All Posts Tagged With: "and Streptococcus spp"

Link: http://www.cdc.gov/ncidod/eid

Excerpt:

Bacterial Population Genetics in Infectious Disease addresses a set of issues that are extremely provocative in the current climate in which progress is rapidly changing the microbiological landscape. From this perspective, the volume appears at a key moment because of 2 major challenges that have arisen since the beginning of the genomic era: 1) defining what constitutes a species and how to determine this, and 2) determining the structure of the population of the most common bacterial pathogens.
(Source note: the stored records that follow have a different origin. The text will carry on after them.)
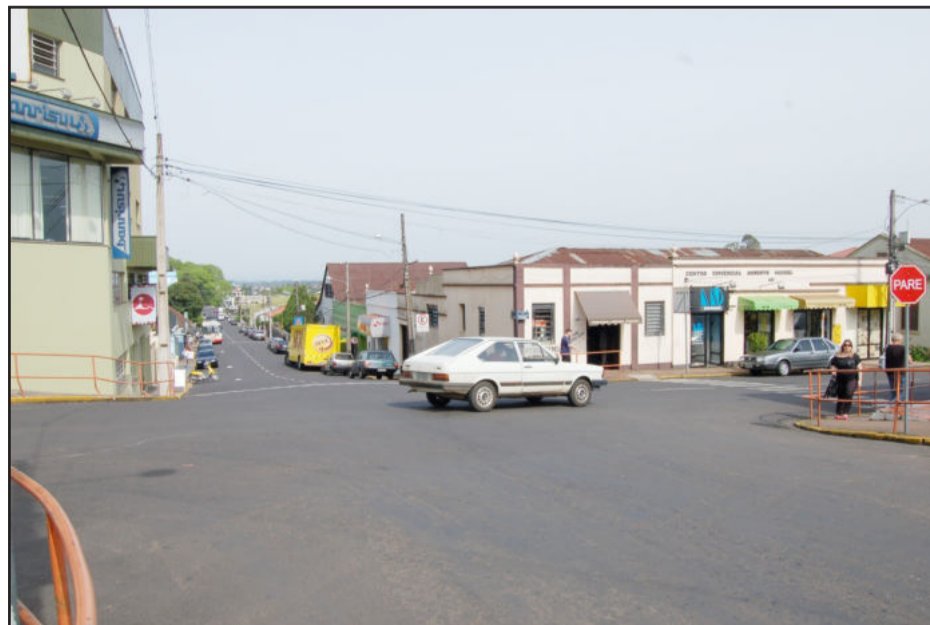
Motoristas devem ter atenção para o entroncamento das ruas Major Bandeira e 3 de Outubro
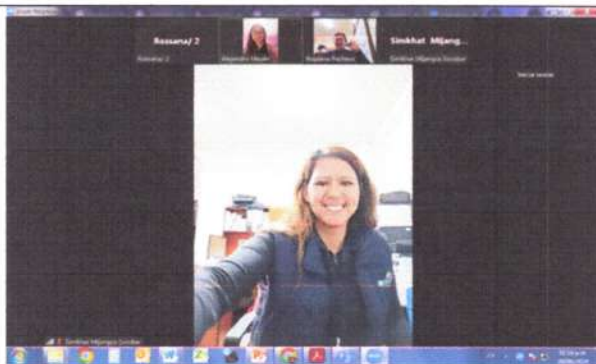
Reunión de coordinación con CONJUVE
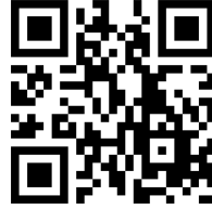
Şekil 1: Sınav Yeri Adresi Kare Kodu

Süleyman Demirel Üniversitesi Spor Bilimleri Fakültesi Özel Yetenek Sınavları Süleyman Demirel Üniversitesi Spor Bilimleri Fakültesi Atatürk Spor Salonunda Doğu Yerleşkesi, Çünür/Isparta' da yapılacaktır.
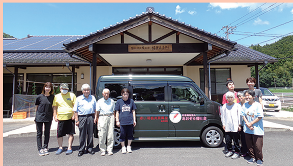
▲【大東町】(福) あおぞら福祉会（生活介護事業所 野の花）で整備された送迎車輛
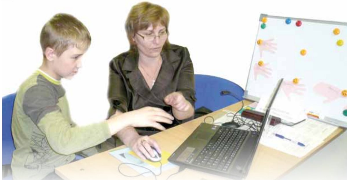
Развивающие и обучающие компьютерные игры дают большие возможности для осуществления развития детей с особыми образовательными потребностями

Кому небезразлично образование и развитие детей, имеющих ограничения по здоровью, и те, от кого зависит пре-
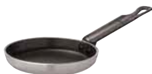
Padella blini, alluminio antiaderente Blinis non-stick aluminum pan Blinis-Alupfännchen, nichtaftend Poêle à blinis, alu anti-adhérente Sartén blinis, antiadherente

Corpo in alluminio con rivestimento antiaderente, manicatura in ottone. - Aluminum body non-stick coated, brass handles.
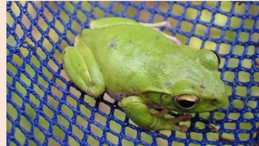
シュレーゲルアオガエル

The book opens with a review of the concepts and methods that make it possible to analyze bacterial populations genetically. This presentation immediately brings to the forefront the question of how to define what constitutes a bacterial species (if there is conceptually even such a thing) and the variable evolutionary nature of bacteria. The differences among complexes within species, species, and clones are shown with clear diagrams useful for teaching. In addition, the text also evaluates the lateral transfer of genes, one of the elements that constitute the bacterial genome repertoire, including its effects on the attempts at classification of bacteria. The evolutionary demography of bacterial populations is then examined. These concepts are essential for comprehending and teaching modern microbiology.
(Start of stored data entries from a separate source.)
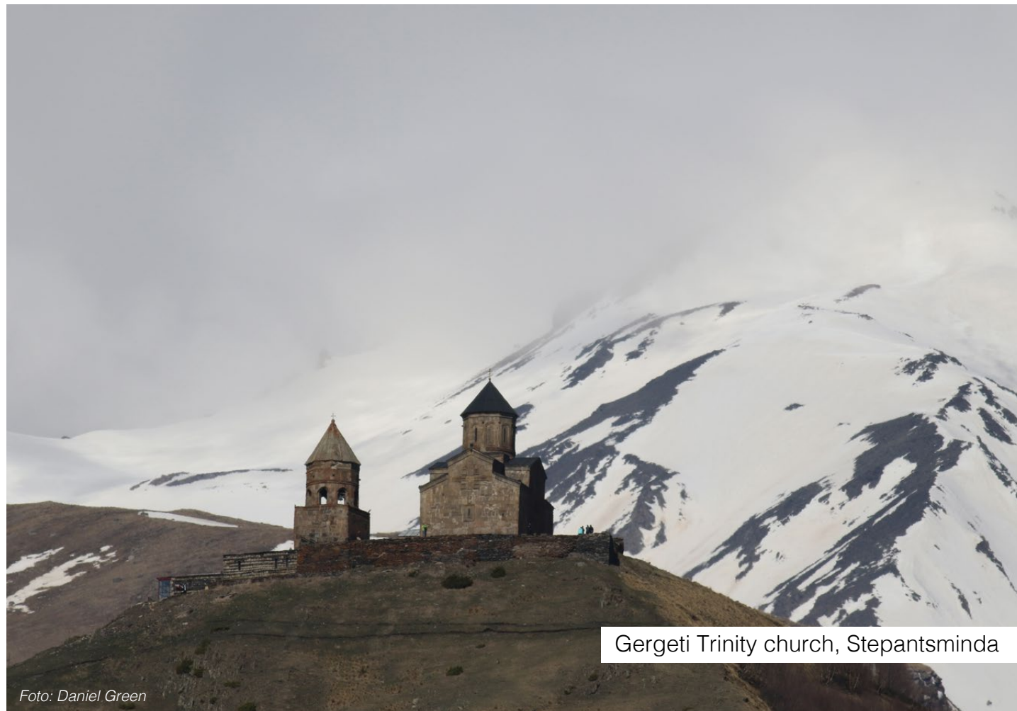
Gergeti Trinity church, Stepantsminda
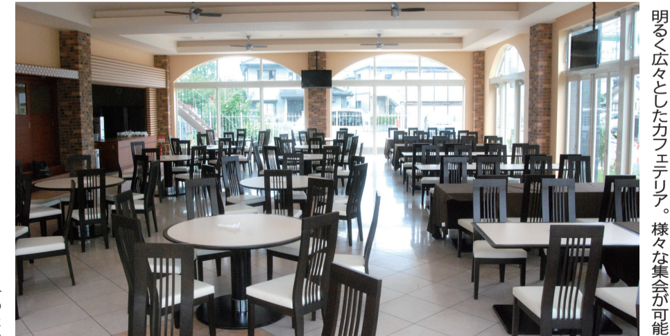
明るく広々としたカフェテリア。様々な集いが可能
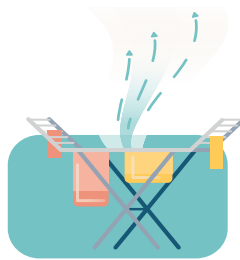
De was drogen in huis
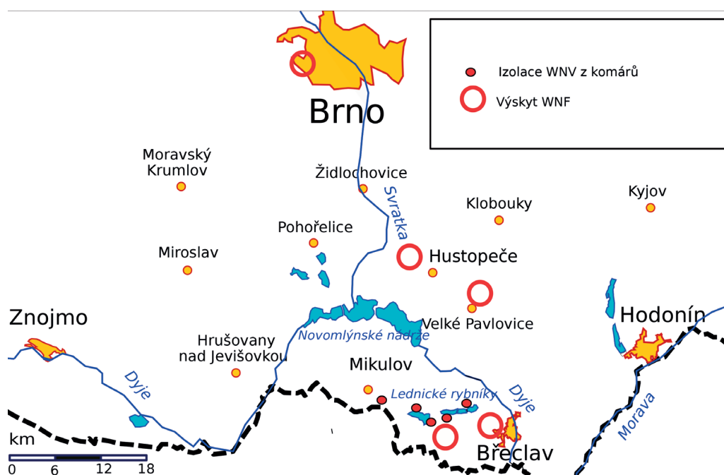
Obr. 1. Lokality akvirace nákazy Figure 1. WNV affected areas

Soubor kazuistik tvoří 5 autochtonních případů, splňujících kritéria potvrzeného případu západonilské horečky
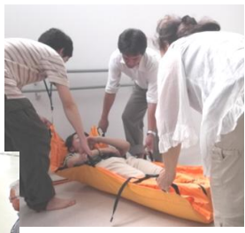
↑担架や車イスで人を運ぶ訓練
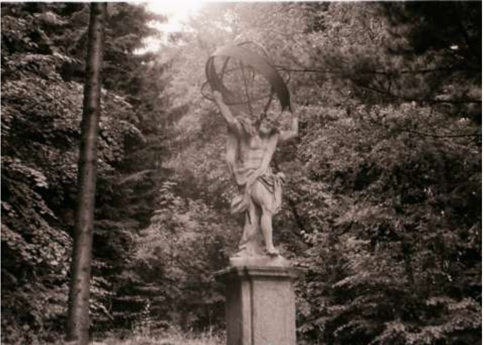
Socha Atlase v zámecké zahradě
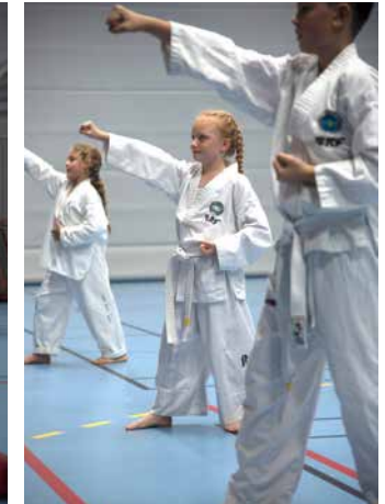
Disciplin är en viktig del i Taekwon-Do och träningen lär barnen att kontrollera sin kropp.

allsidig och främjar förutom styrka och smidighet, koncentration, självkontroll, mod och självförtroende.
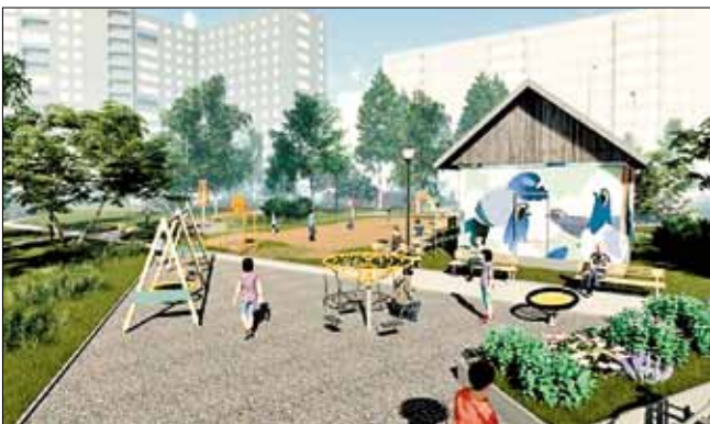
■ Общественная территория между домами № 80 на ул. Логинова и № 89, № 91 на ул. Воскресенской

In addition, the text describes techniques for evaluating bacterial diversity, such as the search for single-nucleotide polymorphisms or repeats by using sequences encoding proteins or not. These techniques can play a key part in the identification of the clones.

The second part of the book is specifically relevant to clinical microbiology, particularly to emerging bacterial pathogens. The genetic populations of Bacillus anthracis,Campylobacter spp., Enterococcus spp., Borrelia burdorferi, Neisseria meningitidis,Escherichia coli, Salmonella spp., Staphylococcus spp., and Streptococcus spp. are analyzed. The importance of genomic recombinations in microbial evolution is particularly stressed for Streptococcus spp., Neisseria spp., and E. coli, for which the number of recombinations is considered to be higher than that of the number of changes; this conclusion likely alters our perception of the evolution of bacteria. Lastly, a general hypothesis is proposed for Salmonella spp.: that their antigens are selected by passage through specific phagocytic protists from their animal hosts with which they have cospeciation. This assumption is bold and intriguing.